You will collaborate with cross-functional teams and business stakeholders to deliver scalable, secure, and high-performance data solutions built on a Lakehouse architecture.
Key Responsibilities:
- Design and maintain scalable ETL/ELT pipelines using Databricks on AWS
- Develop high-performance data transformations using PySpark and SQL
- Implement and optimize Lakehouse (Medallion) architecture for batch data processing
- Integrate data from S3, databases, and AWS-native services
- Optimize Spark workloads for performance, cost, and scalability
- Implement data governance and access controls using Unity Catalog
- Deploy and manage jobs using Databricks Workflows and CI/CD pipelines
- Collaborate with business and analytics teams to deliver reliable, production-ready datasets
Required Technical Skills:
- Strong expertise in Databricks:
- Delta Lake
- Unity Catalog
- Lakehouse Architecture
- Workflows
- Delta Live Pipelines
- Table Triggers
- Databricks Runtime
- Advanced proficiency in PySpark and SQL
- Experience designing and rebuilding batch-heavy data pipelines
- Strong knowledge of Medallion Architecture
- Expertise in performance tuning and Spark optimization
- Experience with Databricks Workflows & orchestration
- Familiarity with Genie enablement concepts (working understanding required)

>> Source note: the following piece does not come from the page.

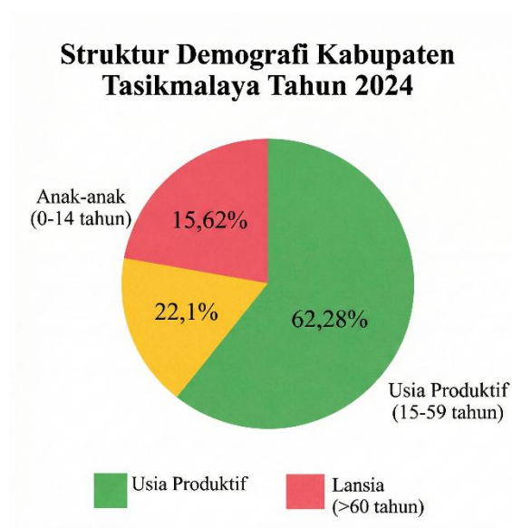
Gambar 1.2 Struktur Demografi Kabupaten Tasikmalaya

Capaian ditingkat dusun ini tidak terlepas dari kondisi struktur perekonomian Kabupaten Tasikmalaya yang lebih luas sebagai wilayah induknya. Sektor pertanian, kehutanan, dan perikanan menjadi penggerak utama perekonomian di Kabupaten Tasikmalaya pada tahun 2024, disusul oleh sektor perdagangan besar dan eceran, reparasi mobil dan sepeda motor. sektor tersebut menjadi penyumbang PDRB (Produk Domestik Regional Bruto) terbesar di kabupaten ini, Badan Pusat Statistik Kabupaten Tasikmalaya (2024).

- Experience with CI/CD and Git-based development
- Strong AWS fundamentals:
- IAM
- Networking basics
- S3
- Glue Catalog
Preferred Qualifications:
- Experience with Spark Structured Streaming
- Knowledge of real-time or near real-time data solutions
- Advanced Databricks Runtime configurations
- Experience with GitLab CI/CD pipelines
- Exposure to scalable enterprise data architectures
Certifications (Optional)
- Databricks Certified Data Engineer (Associate/Professional)
- AWS Data Engineer or AWS Solutions Architect Certification